In Phase 3 clinical trials of a 1% Tenofovir gel, inserted in a 4 mL volume, two dosing regimens have been specified. In the first (CAPRISA 004) and third (FACTS 001) trials, there was a before-and-after sex gel application regimen (termed BAT24). The pre- and post-sex intervals were specified as ≤ 12 hours. In the second trial (VOICE) participants were instructed to insert gel daily (at the same time) regardless of sexual activity. The CAPRISA 004 trial had a positive result overall in demonstrating efficacy against HIV transmission[54]. However, the VOICE and FACTS 001 trials had negative overall results[55, 56]. In both trials there was very low user adherence to specified gel dosing, and the negative overall trial results have been attributed significantly to such poor adherence. In the CAPRISA 004 trial, there were data indicating that increased adherence to specified gel dosing resulted in greater anti-HIV efficacy. In both the VOICE and FACTS 001 trials there was some evidence of efficacy in the subsets of participants who did consistently apply gel. Thus, there is pharmacological evidence that application of 4 mL of the 1% Tenofovir gel can distribute drug adequately to reduce HIV transmission. However, these trials give behavioral evidence that this combination of gel and applied volume is not acceptable epidemiologically in the target populations in the developing world.

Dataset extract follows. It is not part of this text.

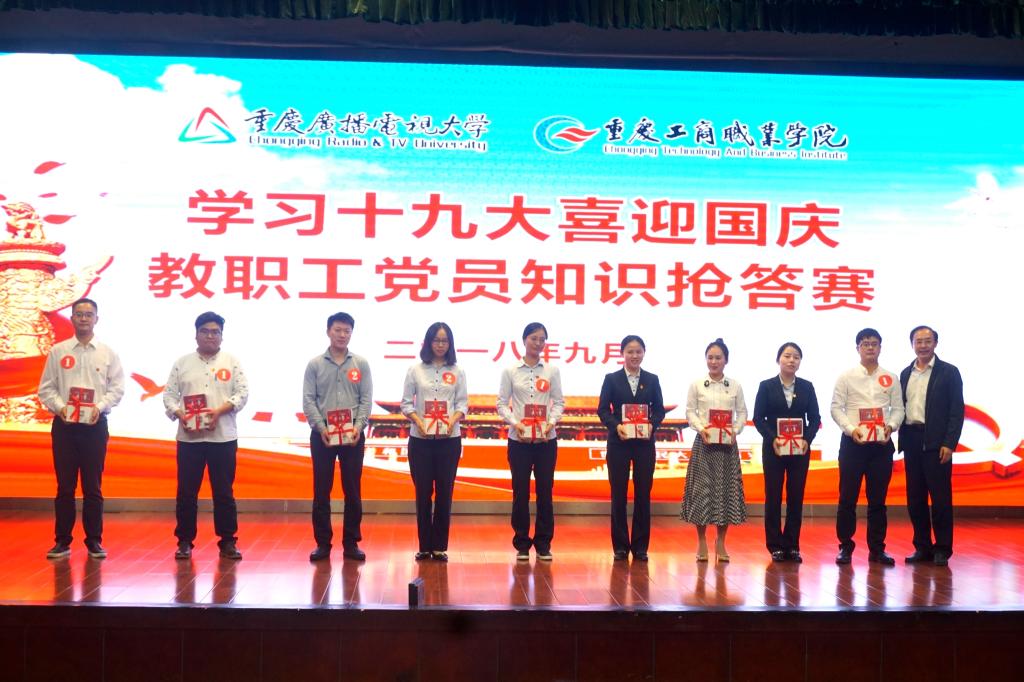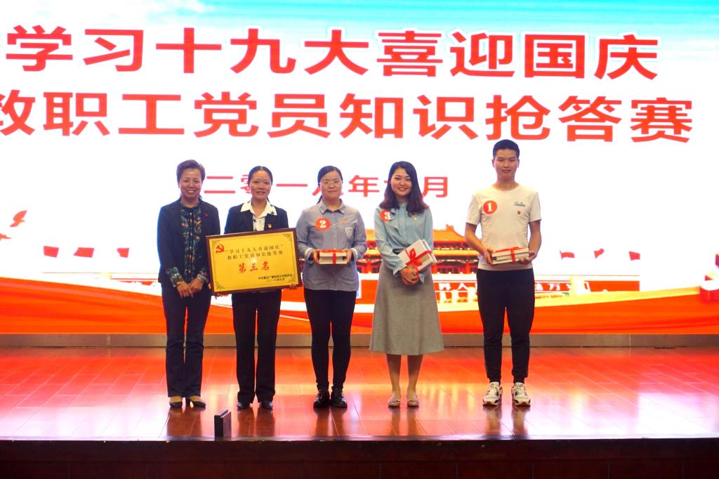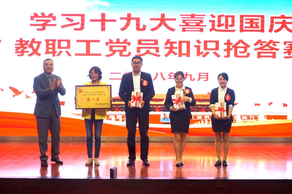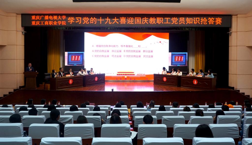 为深入学习贯彻习近平新时代中国特色社会主义思想和党的十九大精神,加强《宪法》《监察法》以及《纪律处分条例》(新修订)等党纪党规的学习,落实新时代全面从严治党要求,扎实推进学校党的建设和党风廉政建设工作,国庆前夕,“学习十九大喜迎国庆”教职工党员知识抢答赛在合川校区科学会堂举行。共有来自12个总支的参赛代表队和120余名教职工党员参加了此次活动,党委书记郭庆、校长李国、党委副书记周曦、纪委书记文传竹出席了活动。

Modeling can contribute to our understanding (and optimization) of pharmacological effects of the frequency of gel (and any delivery system) dosing. It can also help understand the determinants of user sensory perceptions and preferences of microbicide gels and other products, as noted above[52, 53]. The dosage regimens in the Tenofovir gel trials both involved a second insertion of gel at a varying interval after the first insertion. This can be simulated using our modeling approach, allowing for residual gel that has not leaked from the vagina and, when there is sexual activity, the presence of semen as an additional local fluid that mixes with gel. Here, we restrict analysis to the first scenario of repeated gel application at varying intervals without coitus. As PK measures of relevance, we again consider model simulation of Tenofovir concentration measured in a homogenized biopsy and of volume averaged Tenofovir Diphosphate concentration in the stromal compartment. Results are illustrated in Figure 6.
Figure 6.
Model simulations of concentrations of TFV measured in biopsies and of TFV-DP in stroma vs. time after initial gel insertion. A second gel insertion is performed at times given in the figure.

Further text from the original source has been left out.